● **What you are asked to do**
Quote the records that follow in full, leaving the pictures out.

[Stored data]
----------------

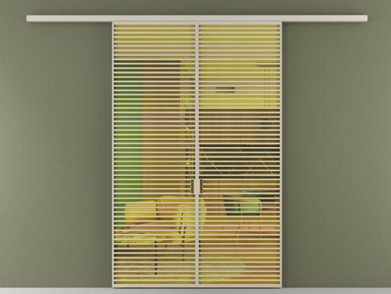 Дополнительно на раздвижную двустворчатую перегородку вдоль стены и четырёхстворчатую перегородку внутри проёма с двумя неподвижным полотнами можно установить механизм синхронного открывания — при открывании одной створки, вторая открывается автоматически.
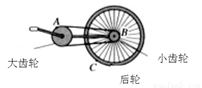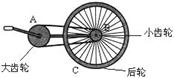 如图所示,自行车的大齿轮、小齿轮、后轮三个轮子的半径不一样,它们的边缘有三个点A、B、C.下列说法中正确的是 ( )![]()
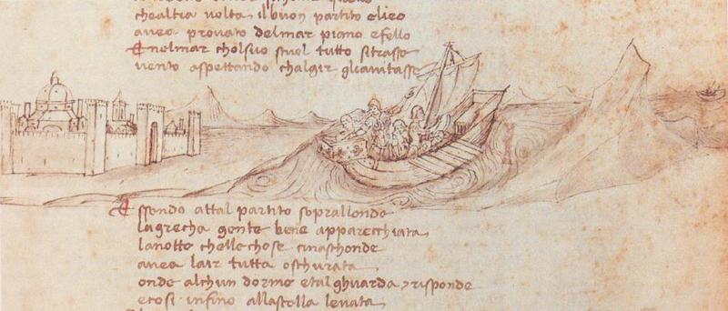 Napoli, Biblioteca Statale Oratoriana del Monumento Nazionale dei Gerolamini, C. F. 2.8, f. 5r. Il copista del manoscritto è Guido di Piero di Giovanni de Ricci. Teseo lascia la città di Atene e salpa alla volta della terra delle Amazzoni.
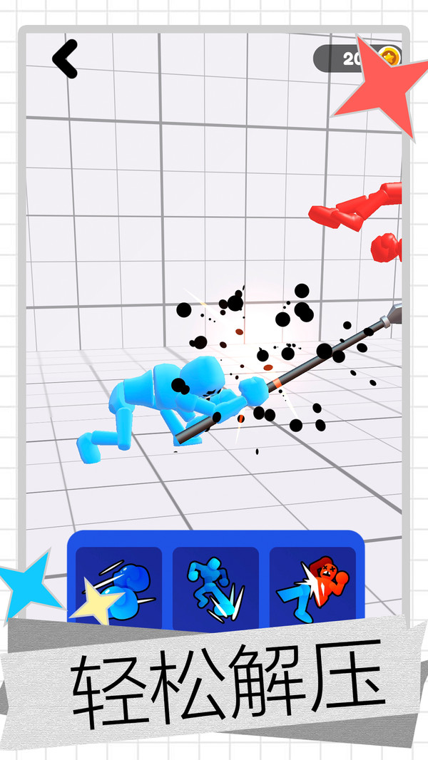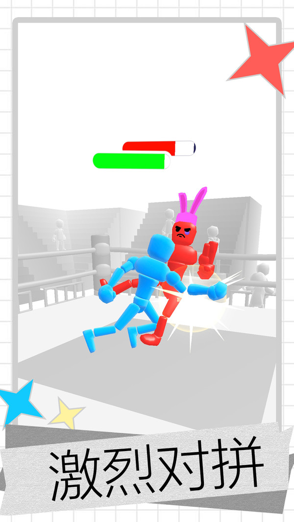 极限大闯关游戏是一款画风很简洁的火柴人格斗闯关游戏,红蓝双方的对决一触即发,选择好你的火柴人英雄,深入战场来开启本次激情对决,你需要运用一招一式来击败对手,随机匹配其他的真实玩家来参与较量,最终看看谁是真正的功夫之王。
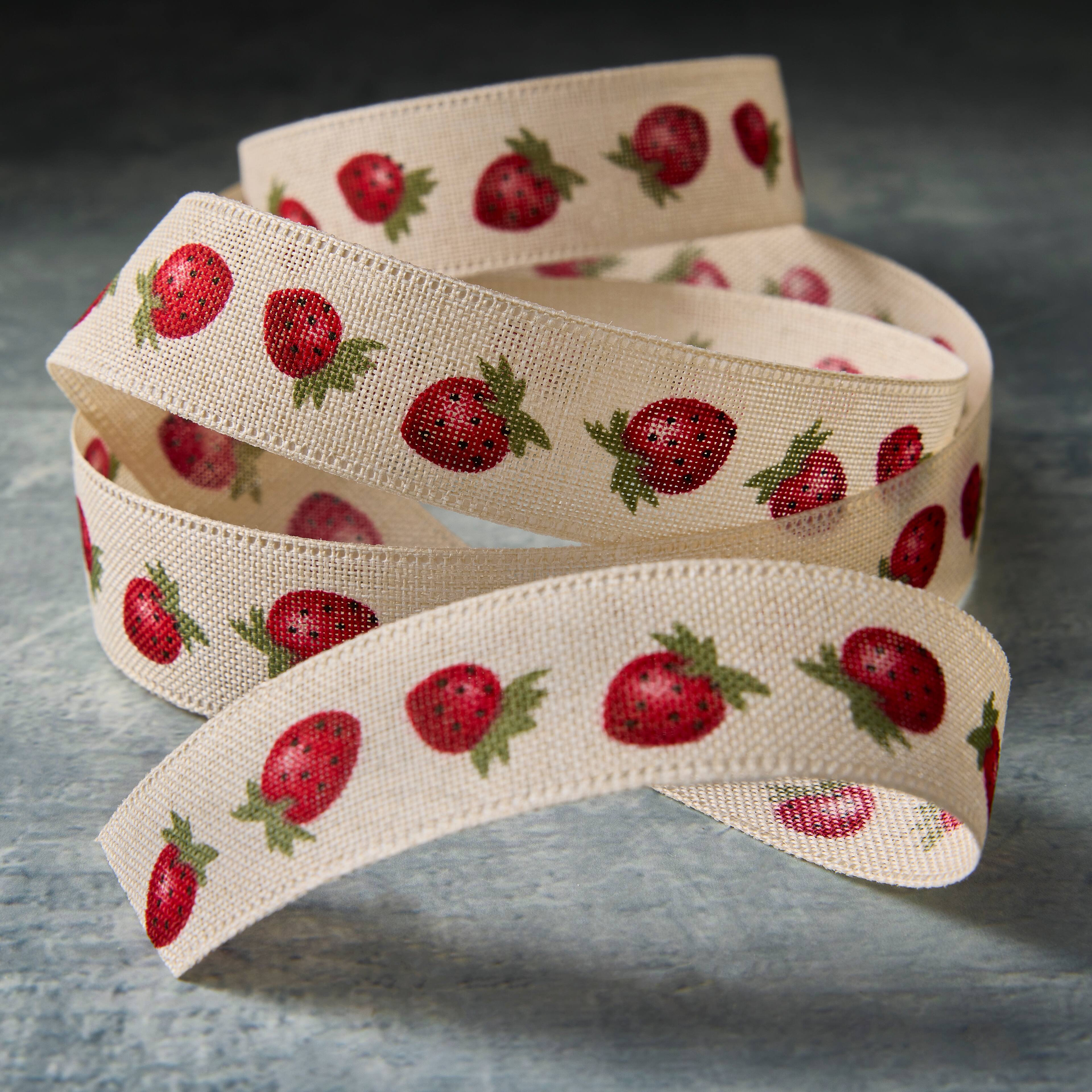7/8" x 5yd. Faux Linen Red Strawberry Ribbon by Celebrate It® Classic
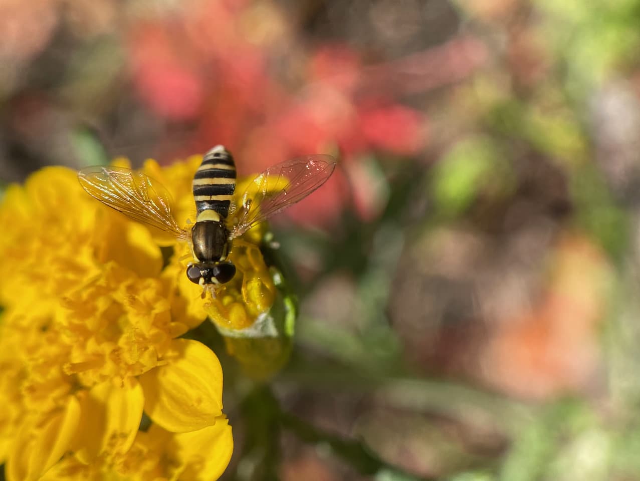 Nearby, a female Diamond Spottail Hoverfly, Fazia micrura is visiting the same flowers. Both sexes have the diamond spots, but the females are distinguished by her broader abdomen, and also by the space between her compound eyes. Males have holoptic eyes that meet along a central line atop the head.
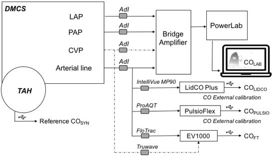 Current approaches used to estimate SV from arterial pressure profiles are rooted in 1950s studies documenting that the SV is proportional to the AUC of the systolic portion of the arterial waveform [,]. where sAUC is the area under the systolic part of the arterial pressure curve (the mathematical Riemann Integral), Tsys and Tdiast are the durations of systole and diastole, respectively, and K is an arbitrary constant derived from measurement of an initial SV calibrated with the reference method. In this regard, using our main pressure curve control (AdICTRL), we inspected the offline AUC of the systolic portion of the arterial waveform in specific situations and, therefore, estimated a “lab pulse contour control” CO using LabChart (COLAB), as CO = SV . Our ratio was fixed during all our experiments (40% systole). The K value was calculated based on the referenced baseline SynCardia CO values for every experiment. Therefore, .
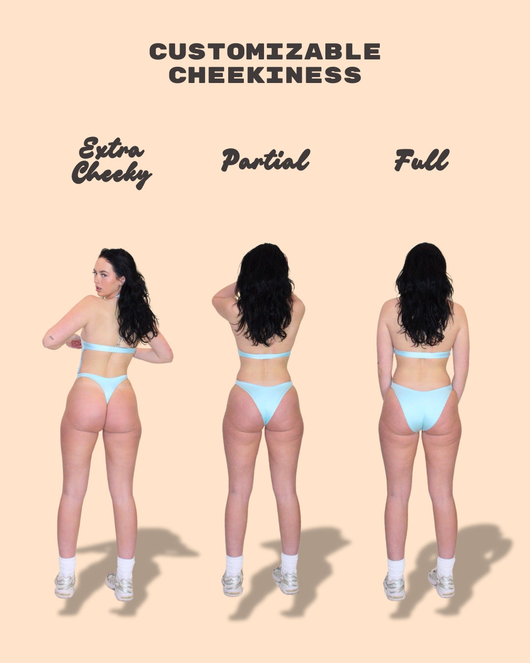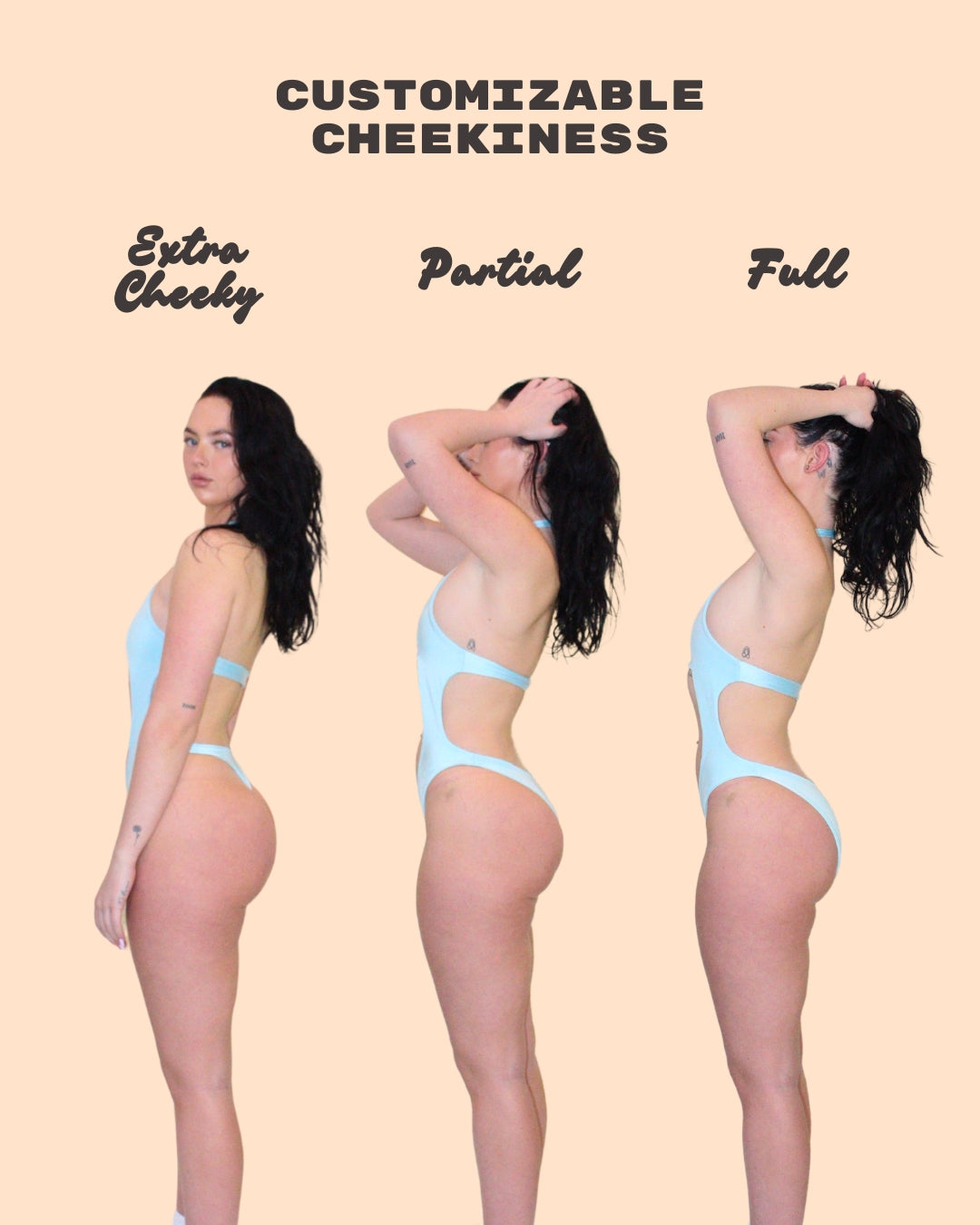 The Quinn One-Piece features a choker design with tapered straps and cutouts. This design is available in extra cheeky, partial and full coverage options (Specify in the Notes section)

----------------

● **Solution**
 Дополнительно на раздвижную двустворчатую перегородку вдоль стены и четырёхстворчатую перегородку внутри проёма с двумя неподвижным полотнами можно установить механизм синхронного открывания — при открывании одной створки, вторая открывается автоматически.
 如图所示,自行车的大齿轮、小齿轮、后轮三个轮子的半径不一样,它们的边缘有三个点A、B、C.下列说法中正确的是 ( )![]()
 Napoli, Biblioteca Statale Oratoriana del Monumento Nazionale dei Gerolamini, C. F. 2.8, f. 5r. Il copista del manoscritto è Guido di Piero di Giovanni de Ricci. Teseo lascia la città di Atene e salpa alla volta della terra delle Amazzoni.
 极限大闯关游戏是一款画风很简洁的火柴人格斗闯关游戏,红蓝双方的对决一触即发,选择好你的火柴人英雄,深入战场来开启本次激情对决,你需要运用一招一式来击败对手,随机匹配其他的真实玩家来参与较量,最终看看谁是真正的功夫之王。
7/8" x 5yd. Faux Linen Red Strawberry Ribbon by Celebrate It® Classic
 Nearby, a female Diamond Spottail Hoverfly, Fazia micrura is visiting the same flowers. Both sexes have the diamond spots, but the females are distinguished by her broader abdomen, and also by the space between her compound eyes. Males have holoptic eyes that meet along a central line atop the head.
 Current approaches used to estimate SV from arterial pressure profiles are rooted in 1950s studies documenting that the SV is proportional to the AUC of the systolic portion of the arterial waveform [,]. where sAUC is the area under the systolic part of the arterial pressure curve (the mathematical Riemann Integral), Tsys and Tdiast are the durations of systole and diastole, respectively, and K is an arbitrary constant derived from measurement of an initial SV calibrated with the reference method. In this regard, using our main pressure curve control (AdICTRL), we inspected the offline AUC of the systolic portion of the arterial waveform in specific situations and, therefore, estimated a “lab pulse contour control” CO using LabChart (COLAB), as CO = SV . Our ratio was fixed during all our experiments (40% systole). The K value was calculated based on the referenced baseline SynCardia CO values for every experiment. Therefore, .
 The Quinn One-Piece features a choker design with tapered straps and cutouts. This design is available in extra cheeky, partial and full coverage options (Specify in the Notes section)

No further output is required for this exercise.